Costs associated with compiled vertex arrays

I’m trying to come up with an optimal design for my PC/Mac orientated game engine on the more common GL implementations, and most sources I have read seem to agree that compiled vertex arrays are the way to go. But I am curious as to the costs involved with each part of the process. Specifically :

  • what is the cost of glInterleavedArrays? Does it cause any communication with the card on an average T&L implementation? Do I significantly lose any performance if I call it redundantly?

  • what is the cost of locking? I know that this causes the T&L to occur, but is it common that this is just a simple matter of passing the arguments to the card which already knows the original vertex locations, or is it at this stage that vertices are passed to the card, with a little ‘do these, please’ command?

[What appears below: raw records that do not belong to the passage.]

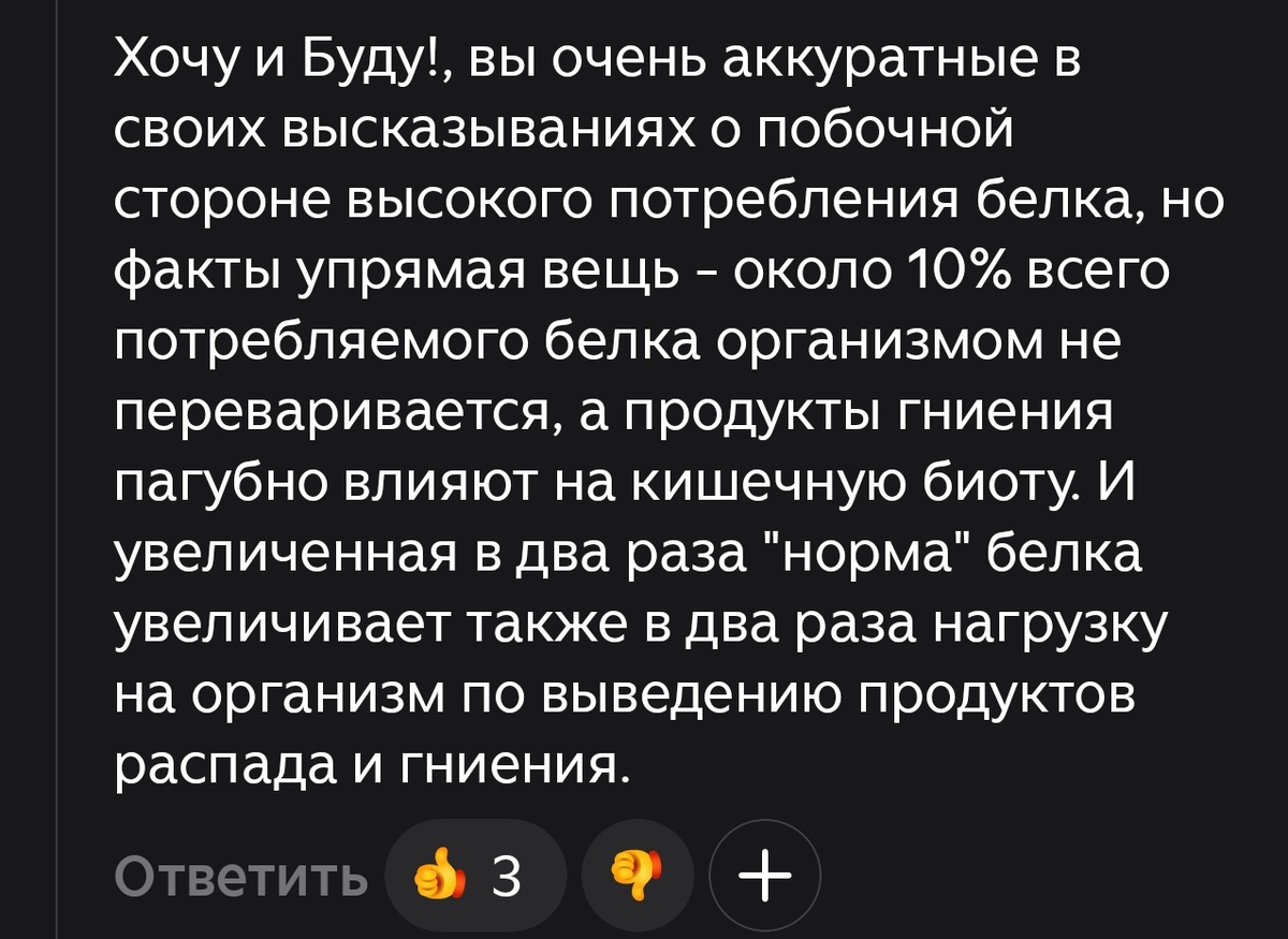Но дело тут не в белке, сам по себе белок не “яд” для микрофлоры, а в крайностях в питании (много мяса, мало овощей, углеводов и другой клетчатки) действительно могут неблагоприятно менять метаболизм бактерий.
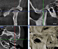 CBCT TMJ. Это метод лучевой диагностики, целью которого является исследование височно-нижнечелюстного сустава. Это исследование позволяет визуализировать следующие анатомические структуры: голова и верхняя часть нижней челюсти, нижнечелюстная ямка височной кости, суставное пространство и прилегающие костные структуры верхней челюсти. TMC сBCT дает возможность выявить следующие патологические изменения: травматическое повреждение кости, смещение суставных поверхностей, аномалии развития, дегенеративно-дистрофические процессы и новообразования. сBCT TMJ обычно выполняется без улучшения контраста. Для увеличения содержания информации сканирование выполняется в двух функциональных положениях: рот открыт и максимально открыт.
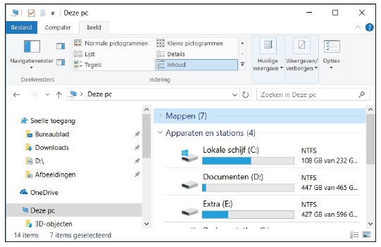 Om in te kunnen schatten of je al aan de slag moet, kun je een snelle blik op Verkenner werpen: als je op ‘Computer’ (Windows 7) of ‘Deze pc’ klikt (Windows 10) en bij ‘Beeld’ vervolgens ‘Inhoud’ selecteert, zie je een overzicht van hoe vol alle schijven zijn.
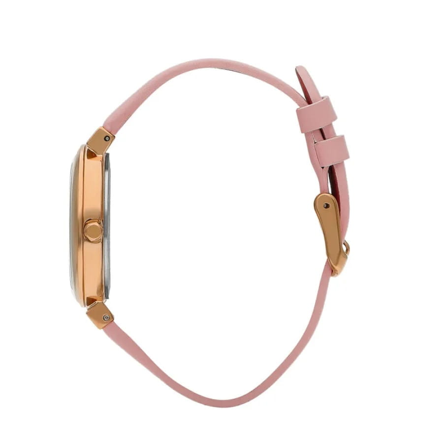 Женские кварцевые часы Lee Cooper LC07624.438 — это элегантный аксессуар с классическим дизайном. Корпус диаметром 34 мм выполнен из суперметалла с IP-покрытиемIP-покрытиеМетод ионного напыления. Демонстрирует повышенную устойчивость к истиранию, окислению и химическим веществам. Под воздействием высокого давления и температуры около 1500°C молекулы металла надёжно соединяются с частицами корпуса часов. жёлтого золота. Циферблат серебристого цвета оформлен индексами и арабскими цифрами. Циферблат защищён минеральным стекломМинеральное стеклоМинеральное стекло представляет собой искусственно выращенный минерал кварца. Такое стекло отличается особой устойчивостью к повреждениям и царапинам. Уступает по некоторым качествам сапфировому стеклу.. Часы оснащены кожаным ремешком розового цвета с классической пряжкой. Водонепроницаемость 30 м позволяет использовать часы в повседневных условиях, защищая от случайных брызг и капель дождя. Сочетание лаконичного стиля и качественного исполнения делает эти часы универсальным выбором на каждый день.
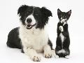 Black-And-White Border Collie Bitch, with Black-And-White Tuxedo Kitten, 10 Weeks
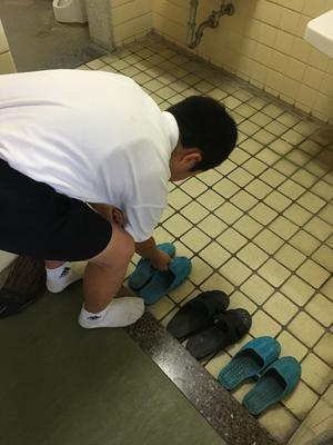 今日は2人の子が、トイレのスリッパを並べていました。
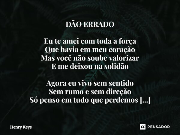 DÃO ERRADO Eu te amei com toda a... Henry Keys
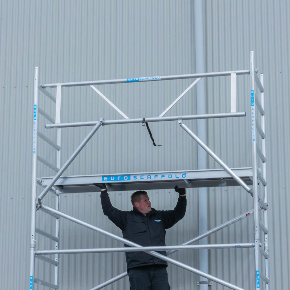 De Euroscaffold BASIC is een scherp geprijsde rolsteiger, voorzien van een AGS-PRO voorloopleuning, ideaal bij toepassing bij de gevel. De aangepaste samenstelling maakt deze Euroscaffold zeer betaalbaar. De toegevoegde AGS-PRO voorloopleuning zorgt bij een veilige montage en demontage.
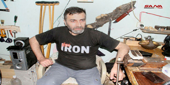 مراسلة سانا زارت المعرض والتقت الجريح الفنان الذي بين أن اختياره لهذه الحرفة نابع من عشقه للخشب كمادة قابلة للتطويع مضيفا إنه بدأ العمل منذ نحو سنتين من خلال المشاركة بلوحة في المركز الثقافي ونالت إعجاب الكثيرين ما شجعه لصقل موهبته.
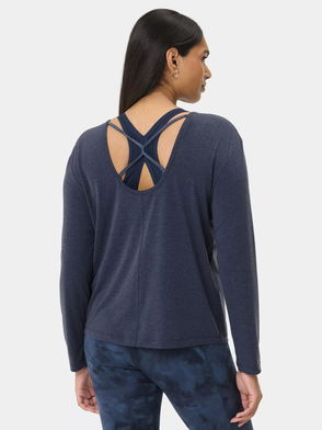 A new addition to the soft studio collection. Fabric is ultra-soft and sweat-wicking. Relaxed, boxy fit with classic crew neck. Open back with twist detail.
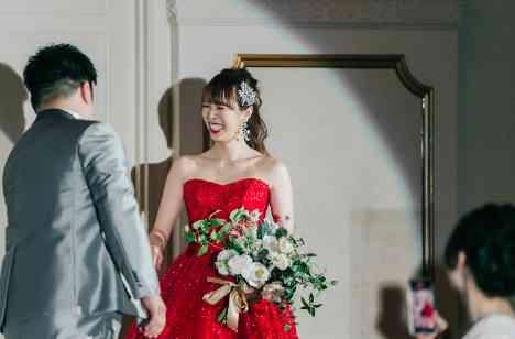 新婦様のドレス姿を楽しみにしてくださっているはゲストの皆様だけではありません。 新婦様のことが大好きな新郎様も楽しみにされているひとり。楽しみにしてくださっている皆様に!と新郎様にもカラードレスを内緒にされていた新婦様がお披露目で選んだはの披露宴会場!新郎様新婦様が別々にご入場・・・新郎様も新婦様のドレス姿にうっとり♪

  • is there any large cost associated with unlocking? Or is it normally just an opportunity to clear up a few variables on the CPU (as opposed to the graphics card) side?

Thanks in advance!

All of these questions are implementation-defined. There are, however, some general rules-of-thumb to follow with CVA’s. One of the prime ones is that you don’t get much benifit from CVA’s if you don’t multipass over geometry. So if all of your rendering is single-pass, CVA’s probably aren’t going to help you a whole lot.

Oh, and there’s nothing that says that locking a buffer causes T&L’s to occur. On modern T&L hardware (let alone vertex-program equipped hardware), CVA locking likely just performs an optimized copy of the vertex data to AGP memory.

One of the nice things about CVA’s is that it is easy to benchmark. Turning them on and off is trivial.

For most apps, you’re probably better off using DrawRangeElements. The CVA extension is notoriously hard to interpret…

  • Matt

Originally posted by Thomas Harte:
[b]- what is the cost of locking? I know that this causes the T&L to occur, but is it common that this is just a simple matter of passing the arguments to the card which already knows the original vertex locations, or is it at this stage that vertices are passed to the card, with a little ‘do these, please’ command?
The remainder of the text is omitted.